**The task**: How many lines in the data below contain the string "like"? State that number only.
Data excerpts Start Marker
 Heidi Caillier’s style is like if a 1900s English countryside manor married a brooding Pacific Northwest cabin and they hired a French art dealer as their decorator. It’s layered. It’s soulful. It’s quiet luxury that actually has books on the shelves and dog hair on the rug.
Data excerpts End Marker
Data excerpts Start Marker
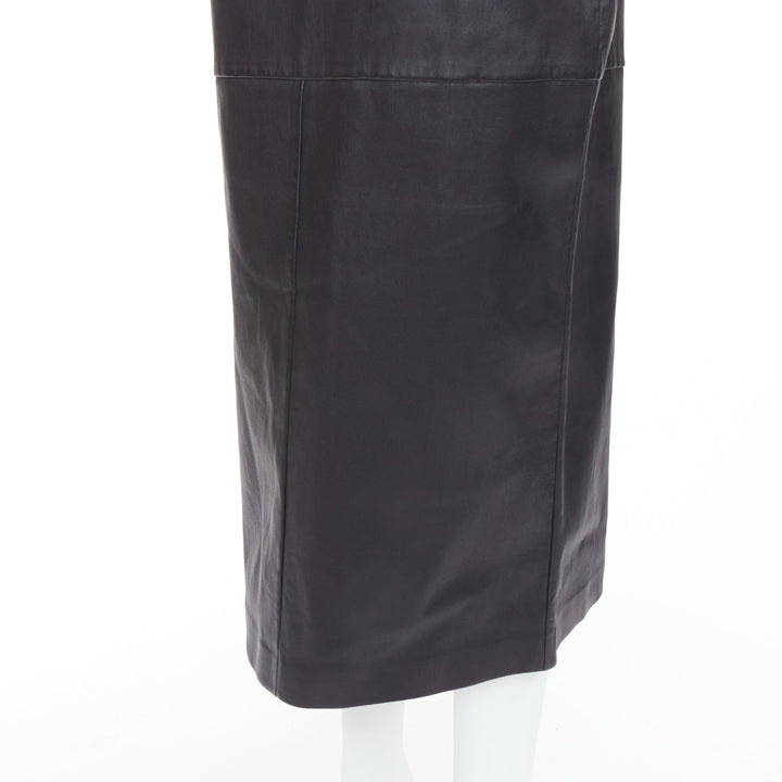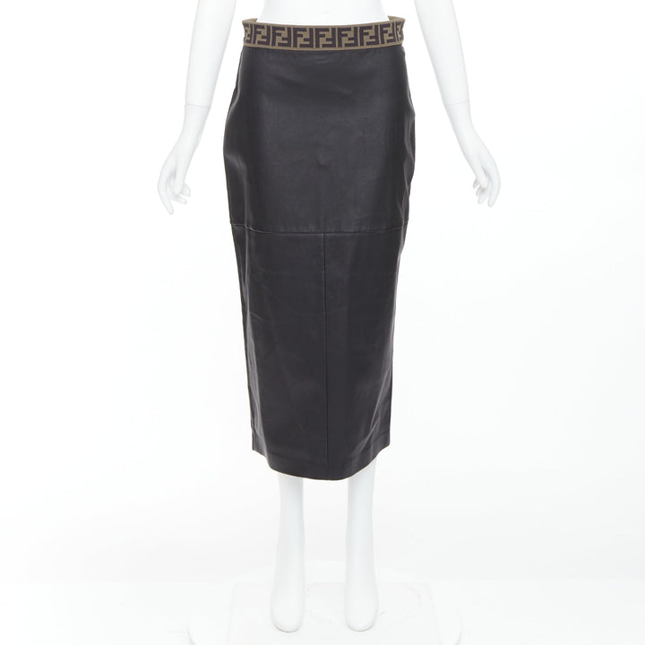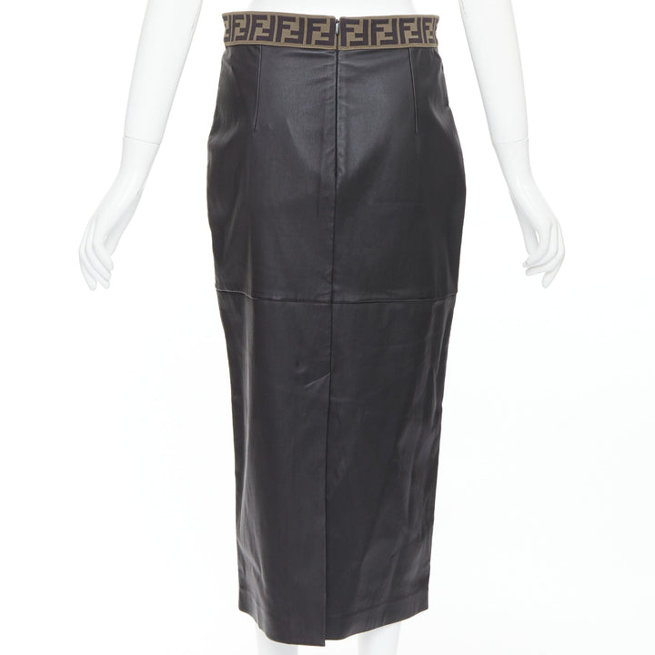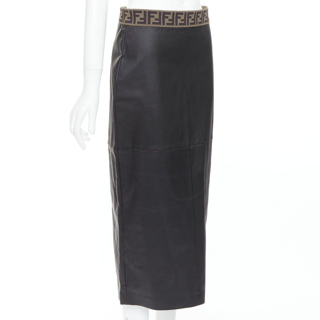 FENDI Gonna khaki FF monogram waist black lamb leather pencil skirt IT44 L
Data excerpts End Marker
Data excerpts Start Marker
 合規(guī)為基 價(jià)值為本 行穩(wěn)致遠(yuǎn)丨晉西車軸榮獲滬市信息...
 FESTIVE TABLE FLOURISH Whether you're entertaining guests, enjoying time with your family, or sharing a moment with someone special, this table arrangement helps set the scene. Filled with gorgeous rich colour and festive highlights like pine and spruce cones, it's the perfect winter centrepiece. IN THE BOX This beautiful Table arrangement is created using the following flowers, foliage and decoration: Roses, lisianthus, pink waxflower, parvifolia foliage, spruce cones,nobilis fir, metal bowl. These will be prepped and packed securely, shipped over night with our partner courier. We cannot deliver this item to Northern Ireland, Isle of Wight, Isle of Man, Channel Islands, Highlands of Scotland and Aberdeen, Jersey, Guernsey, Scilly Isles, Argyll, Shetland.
Data excerpts End Marker
**Solved exercise**: 2